* Source data
★ ★ ★
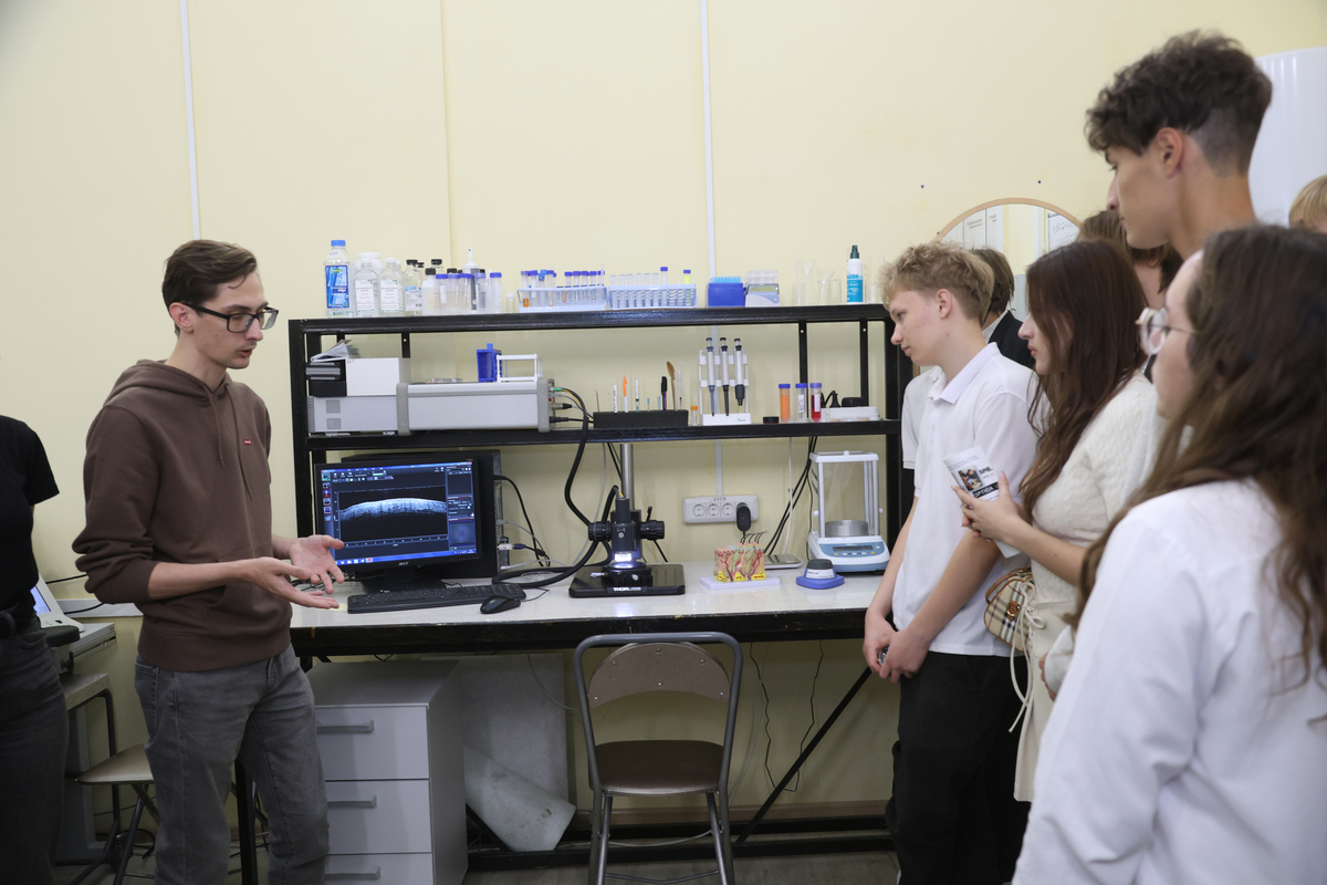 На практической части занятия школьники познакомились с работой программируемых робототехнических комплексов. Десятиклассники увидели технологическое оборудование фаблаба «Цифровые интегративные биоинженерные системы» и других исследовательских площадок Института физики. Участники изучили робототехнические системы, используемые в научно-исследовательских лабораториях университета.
★ ★ ★
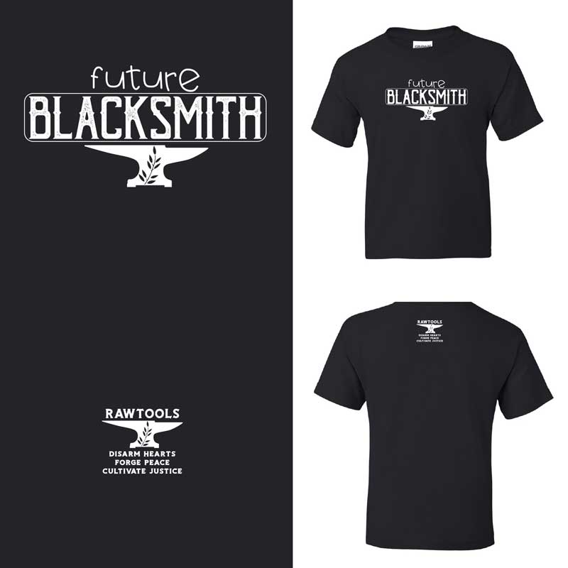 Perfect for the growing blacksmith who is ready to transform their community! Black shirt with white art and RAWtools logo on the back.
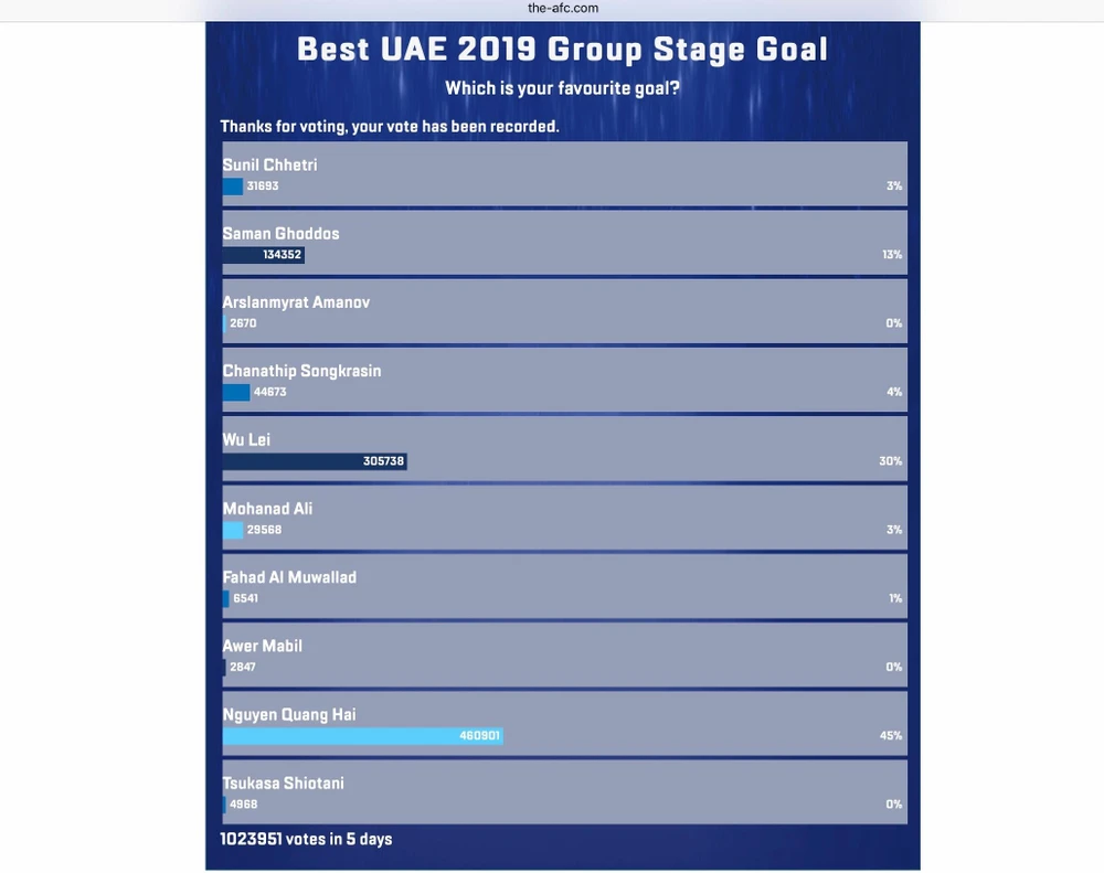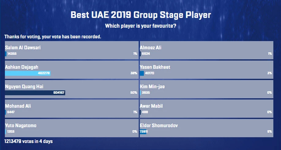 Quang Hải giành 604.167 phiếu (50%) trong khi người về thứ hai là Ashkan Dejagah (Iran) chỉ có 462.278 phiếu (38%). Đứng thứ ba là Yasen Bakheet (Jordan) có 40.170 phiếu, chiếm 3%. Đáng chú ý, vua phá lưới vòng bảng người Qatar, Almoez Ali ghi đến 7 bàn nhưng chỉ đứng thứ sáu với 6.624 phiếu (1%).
★ ★ ★
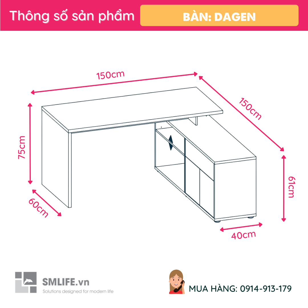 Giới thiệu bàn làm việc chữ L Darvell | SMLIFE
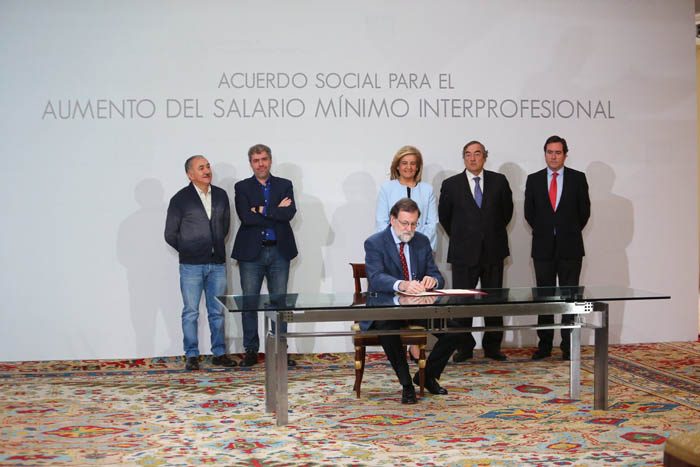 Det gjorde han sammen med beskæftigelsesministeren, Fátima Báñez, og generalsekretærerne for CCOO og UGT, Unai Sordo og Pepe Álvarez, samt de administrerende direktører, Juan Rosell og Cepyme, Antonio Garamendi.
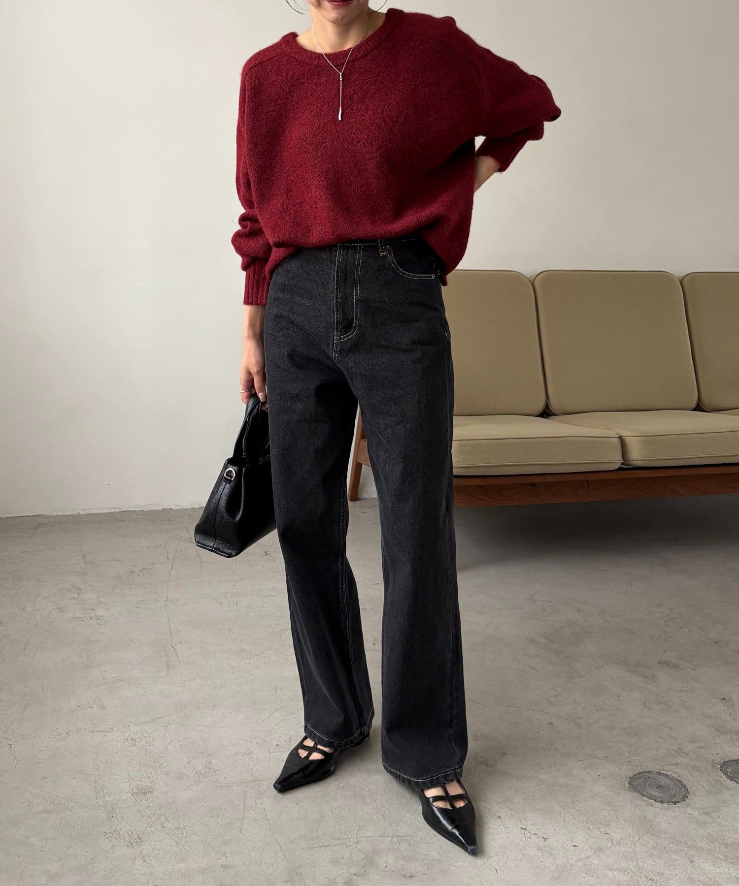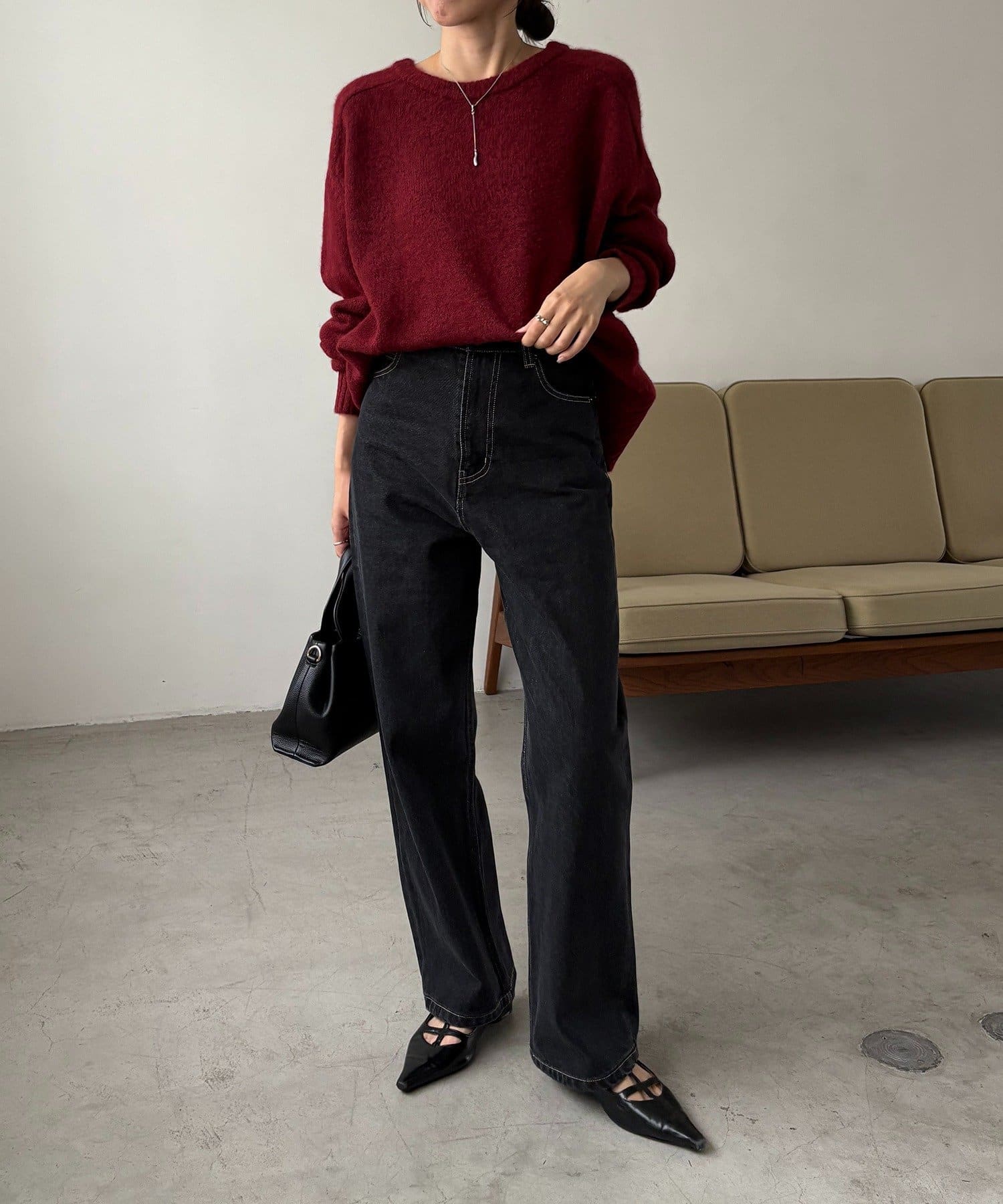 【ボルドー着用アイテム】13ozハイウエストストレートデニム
★ ★ ★
* Directions for this task
Take the material above from the line containing "Perfect for the" up to and including the line containing "Quang Hải giành" and retype it exactly, without any pictures.

* Answer space
 Perfect for the growing blacksmith who is ready to transform their community! Black shirt with white art and RAWtools logo on the back.
 Quang Hải giành 604.167 phiếu (50%) trong khi người về thứ hai là Ashkan Dejagah (Iran) chỉ có 462.278 phiếu (38%). Đứng thứ ba là Yasen Bakheet (Jordan) có 40.170 phiếu, chiếm 3%. Đáng chú ý, vua phá lưới vòng bảng người Qatar, Almoez Ali ghi đến 7 bàn nhưng chỉ đứng thứ sáu với 6.624 phiếu (1%).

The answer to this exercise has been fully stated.